# JSF-Project in Eclipse Galileo



## reibi (6. Jul 2009)

Hallo

Habe ein JSF-Projekt erstellt mit Ganymede .. nach dem export und import in den Workspace von Galileo findet er die JSF-Library nicht mehr.

Hab versucht die selber nachzupflanzen ... gibts aber nicht mehr unter "Buildpath/Libraries/Add Library"

Hab dann in der Eclipse Hilfe nachgeschaut und dort steht, dass das Prinzip "deprecated" ist.

Wie habt Ihr Eure JSF Projekte zum neuen Galileo migriert?

Gruss


----------



## maki (6. Jul 2009)

Meine Antwort wird dir wohl nix nutzen, denn wir haben unseren Build Prozess auf Maven2 umgestellt, seit dem ist die IDE nebensächlich, ob Netbeans oder Eclipse 3.X ist dann egal, für alle Arten von Projekten.


----------



## reibi (6. Jul 2009)

Hi Maki .. stimmt ;-) Is aber nur relevant , wenn alles auf Maven2 eingestellt ist. Gebräuchlich bei grossen Projekten  ... naja Du weisst ja.

Einfacher (normaler) Weg, also ohne Maven geht so:

Habs grad selber rausgefunden .. für Leute dies interessant, die das gleiche problem haben.

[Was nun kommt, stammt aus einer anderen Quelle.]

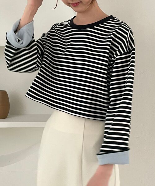 定番のボーダーに袖部分の切替しカラーでアクセントを加えたカジュアルライクなトップス☆ 程よく厚みのある生地で仕立て、幅広シルエットにコンパクトなショート丈でトレンド感を演出! デニムはもちろん、ワンピースとのレイヤードスタイルでキュートな着こなしも楽しめます♪
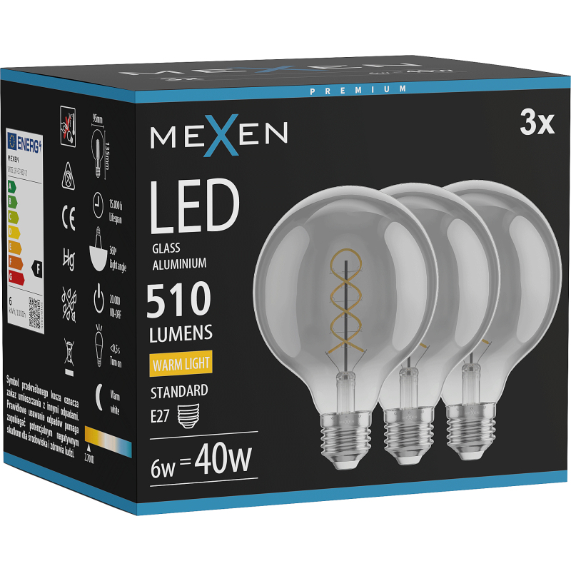 Mexen Vintis 3x LED spirálová žárovka E27, G95, 6W, teplá - 2700K, 510 lm, kouřová - L167-E27-0627-70x03
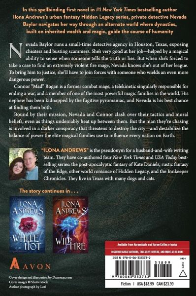 In this spellbinding first novel in #1 New York Times bestselling author Ilona Andrews’s urban fantasy Hidden Legacy series, private detective Nevada Baylor navigates her way through an alternate world where dynasties, built on inherited wealth and magic, guide the course of humanity. Nevada Baylor runs a small-time detective agency in Houston, Texas, busting scammers, exposing cheaters, and dealing with petty criminals. She’s very good at her job—helped by a magical ability to sense when someone tells the truth or lies. But when she’s forced into accepting a case to find a radical pyrotechnic who can conjure heat and fire at will, Nevada knows she’s out of her league. To bring him to justice, she’ll have to join forces with someone who wields an even more dangerous power. Connor “Mad” Rogan is a former combat mage, a telekinetic singularly responsible for mass destruction in war-torn countries, and a member of one of the most powerful magic families in the world. His nephew has been kidnapped by the fugitive pyromaniac, and Nevada is his best chance at finding them both. But unlike Nevada, Connor could care less about societal law and order, and has no qualms about extinguishing his family’s enemy. Bound by their mission, Nevada and Connor clash over their tactics and moral beliefs, even as things undeniably heat up between them. But the man they’re chasing is involved in a darker conspiracy that threatens to destroy the city—and destabilize the balance of power the elite magical families use to influence every nation on Earth.
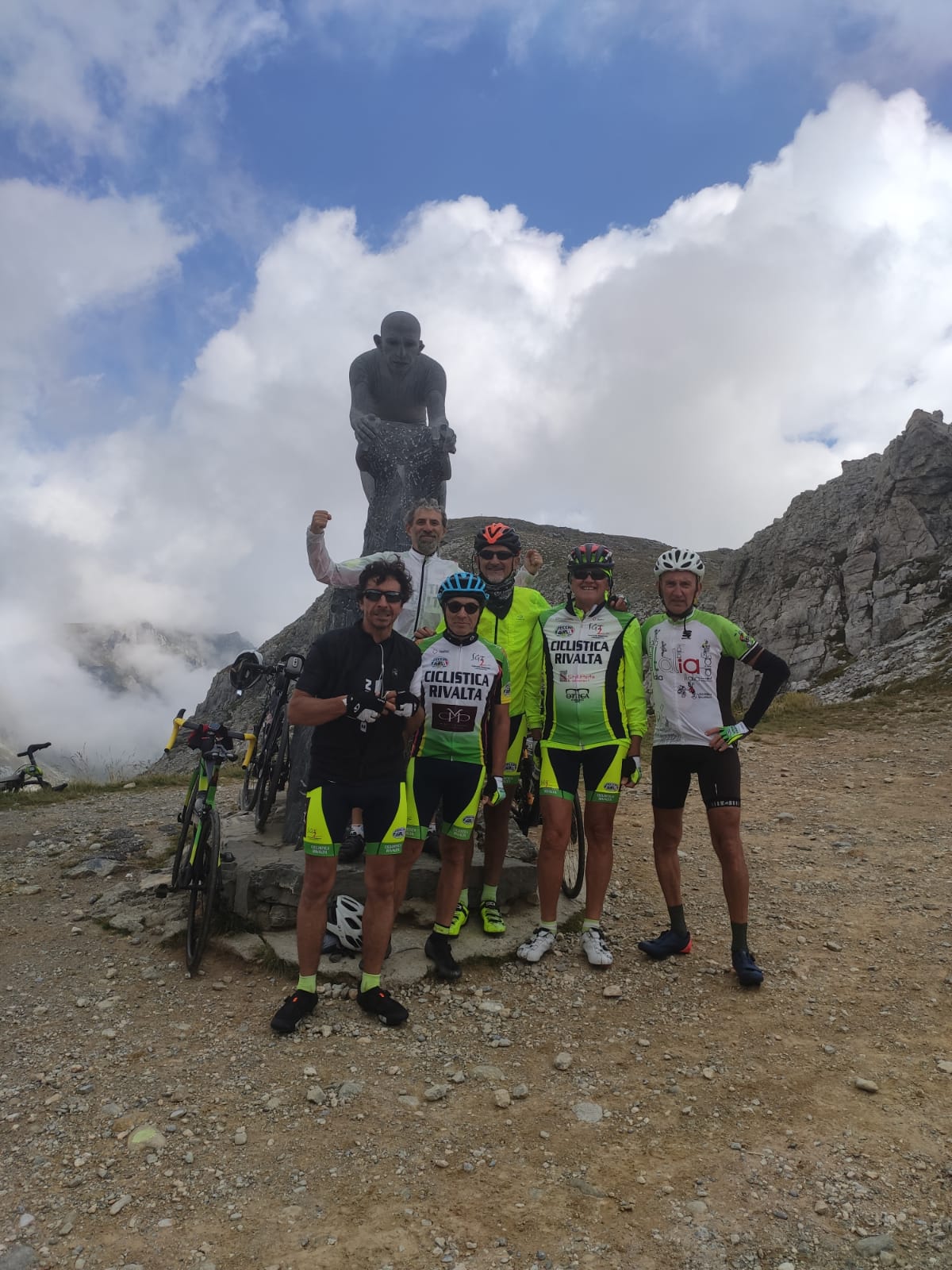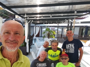 Per fortuna arriviamo tutti sani e salvi alla meta , però un colpo gobbo alla ns.suscettibilità di ciclisti ci viene inferto da una coppia di ciclisti Lui e Lei ns.coetanei che con bici marca 3 galline , abbigliamento vestivamo alla marinara e bagagli al seguito di almeno 30kg arrivano anche loro alla meta per onorare il monumento di Pantani ..sigh! Dai….saranno partiti ieri sera ci consoliamo.
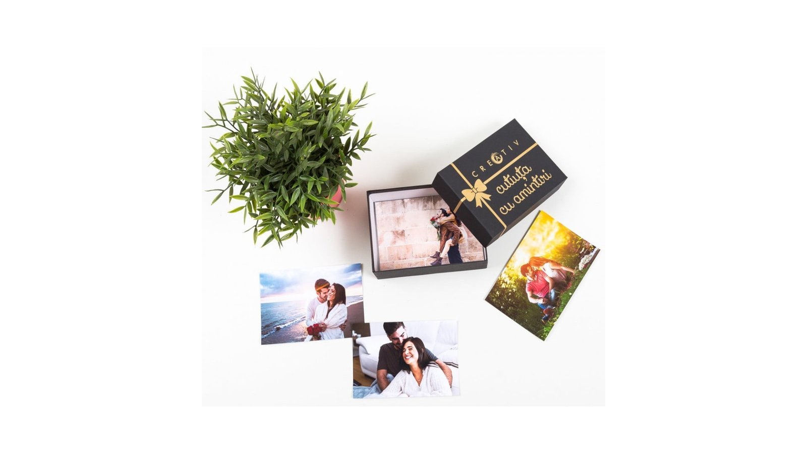 Cutiuta cu Amintiri - 30 Fotografii 10x15: Păstrează Cele Mai Prețioase Momente! Cauți un mod unic și elegant de a păstra amintirile tale speciale? Cutiuta cu amintiri - 30 fotografii 10x15 este alegerea perfectă! Această cutiuță imprimată deosebită conține 30 de fotografii în format 10x15 cm, oferindu-ți o modalitate creativă și tangibilă de a savura cele mai frumoase momente. De Ce Să Alegi Cutiuta cu Amintiri - 30 Fotografii? Un Cadou Personalizat și Memorabil: Cu 30 de fotografii incluse, această cutiuță este ideală pentru a crea un album foto personalizat, ambalat într-o cutie elegantă. Perfectă ca un cadou emoționant sau pentru a-ți păstra propriile amintiri. Design Imprimat Elegant: Cutiuta este imprimată cu un design de calitate, oferind protecție și stil pentru fotografiile tale. Amintiri Tangibile: Într-o lume digitală, Cutiuta cu amintiri îți permite să păstrezi amintirile într-un mod tradițional și intim, departe de ecrane, dar la îndemână oricând dorești să revizitezi momente speciale. Caracteristici Cheie: 30 de Fotografii 10x15 cm: Oferă suficient spațiu pentru a include toate momentele speciale din viața ta – de la evenimente importante până la momente cotidiene. Cutie Imprimată: Această cutie de calitate asigură protecția fotografiilor tale și este perfectă pentru a fi oferită cadou. Metoda de Transmitere a Fotografiilor: Pentru a procesa comanda, te rugăm să ne trimiți cele 30 de fotografii la adresa office@creativ.ro , menționând în subiect numărul comenzii . Acest lucru ne va ajuta să identificăm rapid comanda ta și să începem procesul de printare. Notă Importantă - Opțiunea "Fit to Paper": Pentru a te asigura că fotografiile tale sunt imprimate corect și fără margini tăiate sau distorsionate, îți recomandăm să activezi opțiunea "Fit to Paper" atunci când pregătești fotografiile pentru printare. Această opțiune va ajusta automat imaginea pentru a se potrivi perfect pe hârtie, păstrând proporțiile originale. Dacă fotografiile nu au exact proporțiile necesare, trebuie să ai în vedere că anumite părți din fotografie vor fi tăiate. Încadrarea pe fotografie se face automat. Informare importantă: Vă rugăm să rețineți că pot exista diferențe de culoare între imaginea afișată pe ecran și produsul final imprimat. Aceste diferențe se datorează modului diferit în care culorile sunt redate pe ecran (RGB) și modului în care sunt imprimate (CMYK). Pentru cele mai bune rezultate, vă recomandăm să utilizați imagini de înaltă rezoluție. Cum Să Comanzi: Adaugă produsul în coș. Plasează comanda. Trimite cele 30 de fotografii la office@creativ.ro , menționând numărul comenzii în subiect. Bucură-te de amintirile tale tipărite, păstrate cu grijă într-o cutiuță elegantă! Poti opta pentru celelalte produse similare: Cutiuta cu amintiri cu 12 fotografii pliate Cutiuta cu amintiri cu 50 de fotografii Și alte modele de cutiuțe cu amintiri. Comandă acum și transformă-ți cele mai frumoase amintiri în fotografii tipărite, perfecte pentru orice ocazie! Citește mai mult

Also in Eclipse Galileo auf Projekteigenschaften gehen.
Dort dann unter "Project Facets/Java Server Faces" auswählen
und dort dann Type "User Library" einstellen und die JSF-Implementatios-JARs in eine User Liabrary mit dem z.B-Namen "JSF-IMPL" erstellen.

FERTIG !

Der Vorteil zur normalen Erstellung einer UserLib ist, dass er automatischdie JSF-Impl mit ins Deployment der WebAPP publiziert. Das läuft dann praktisch so wie beim "alten" Ganymede.

;-)


----------